# Cadence SQA-1 and SQA-4 internal pictures



## GLN305 (Nov 2, 2007)

I just received my wife's Cadence SQA-1 and SQA-4 amps for the people at Cadence. Ultra fast shipping allows me to take these pictures sooner than expected!

SQA-1









SQA-4









Judging by the internals, the power ratings don't seem too far off. I have seen comparably rated amps that have similar internals. Either way, very cheap power under $200 for the pair of amps shipped brand new from Cadence!


----------



## sundownz (Apr 13, 2007)

What are the power ratings on those models anyway ?


----------



## t3sn4f2 (Jan 3, 2007)

sundownz said:


> What are the power ratings on those models anyway ?


http://www.cadencestore.com/ProductCart/pc/viewCategories.asp?idCategory=125


----------



## Griffith (Jul 10, 2008)

So how do you like the sound it produces?


----------



## GLN305 (Nov 2, 2007)

Griffith said:


> So how do you like the sound it produces?


I'll let you know when they get installed. They will be running an Atomic Quantum 10D, Image Dynamics OEM mids and Dynaudio MD100 tweets, should be fun!


----------



## Oliver (Jun 25, 2007)

Looks like about 1,100 watts , depending on whether the sub is dvc 2 ohm or dvc 4 ohm

nice sub  [ SPL ]


----------



## 97P72 (Sep 15, 2008)

GLN305 said:


> I'll let you know when they get installed. They will be running an Atomic Quantum 10D, Image Dynamics OEM mids and Dynaudio MD100 tweets, should be fun!


Hi, 
I'm looking at some cadence amps. how did they work out for you?

Thanks,


----------



## theRESONANCE (Aug 28, 2008)

wow two TXA-6004's would do me justice..
Perfect for both my Mids / Sub..They dont really have much adjustments for Hi/Low pass filters though..

i'm real interested in how these perform..

http://www.cadencestore.com/ProductCart/pc/viewPrd.asp?idcategory=125&idproduct=385


----------



## 97P72 (Sep 15, 2008)

GLN305 said:


> I'll let you know when they get installed.

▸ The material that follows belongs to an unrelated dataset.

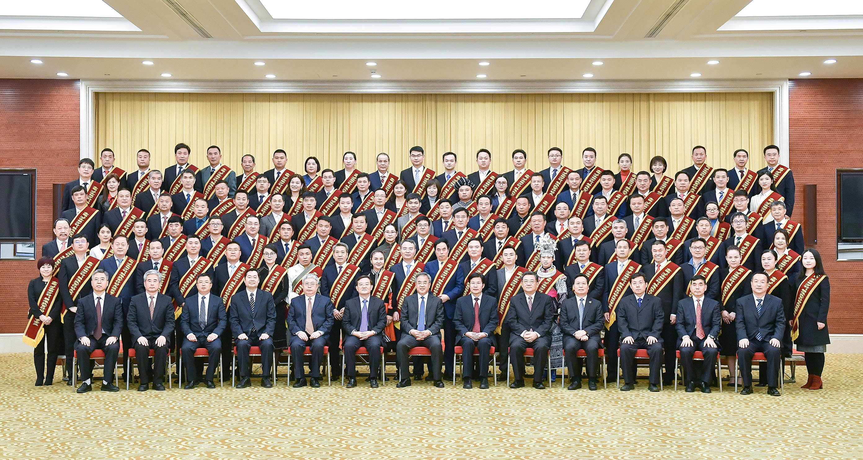 會(huì)前,中央政治局委員、國(guó)務(wù)院副總理胡春華接見“萬(wàn)企幫萬(wàn)村”精準(zhǔn)扶貧行動(dòng)先進(jìn)民營(yíng)企業(yè)代表并合影。

They will be running an Atomic Quantum 10D, Image Dynamics OEM mids and Dynaudio MD100 tweets, should be fun!



Still waiting to hear how the finished install came out?


----------



## James Bang (Jul 25, 2007)

I haven't installed my set yet, but here's my initial impressions



James Bang said:


> I noticed that the SQA-1 has full-range output as stated earlier, but it doesn't have a SSF. It wouldn't be a problem if you're going sealed or have a processor.
> 
> The plastic ends seems to be a little flimsy, but stiff enough to hold if mounted vertically. If one were to overdrill when mounting, it may crack. Other than that, I'm liking the qualityrice ratio. Great value.
> 
> ...


----------



## 97P72 (Sep 15, 2008)

I purcashed a TXA-3002 yesterday on ebay direct from cadence. I was listed $129 buy it now/make offer I offer $99 and scored. I listing the specs so others won't have to go look it up. 
4 Ohm RMS Power: 2 x 150 Watts @ 13.8 Volts
2 Ohm RMS Power: 2 x 300 Watts @ 13.8 Volts
4 Ohm Bridged RMS Power: 1 x 600 Watts @ 13.8 Volts
Frequency Response: 20Hz - 30kHz
Damping Factor: >200 @ 100Hz
S/N Ratio: >100 db
Channel Seperation: >65dB
Minimum THD: <0.05%
Dimensions: 17" x 9.2" x 2.12"
FEATURES:
High Speed Mosfet Power Supply
Studio Grade Bipolar Output Stage Transistors
Fully Adjustable 18dB/Octave Crossover 
Fully Adjustable Bass and Treble EQ Controls
Adjustable Input Gain 170mV-5V
Ultra Reflective Chrome Top Cover
2 Ohm Stereo Stable
4 Ohm Mono Bridgeable
Power and Protection LED Indicators
Full IC Controlled Protection Circuitry
Mute and Soft Delay Circuitry
Lucite Encapsulated Terminals
Brand New!
Not bad for $99 huh?
I'm also Looking @ TXA-750D for $149 in the outlet store.
If anyone has experience with the TXA-750 how about posting some comments?

Thanks,


----------



## ChadR (Oct 13, 2008)

Sure doesn't seem to be a whole lot of feedback on actual sound yet on these SQA amps...

Anyone have any idea how they compare to Profile California series amps which appears to be another budget friendly amp series?

I'm currently looking at picking up a couple of budget friendly amps and am looking between these two brands/series.

This would be for a car application and marine (though the marine would be protected so I'm not worried about it being marine rated).

Thanks


----------



## Kahooli (Oct 17, 2007)

I'm certain anything cadence makes will be superior to profile.


----------



## ChadR (Oct 13, 2008)

Anyone know if the SQA or TXA series of amps have RCA outputs?


----------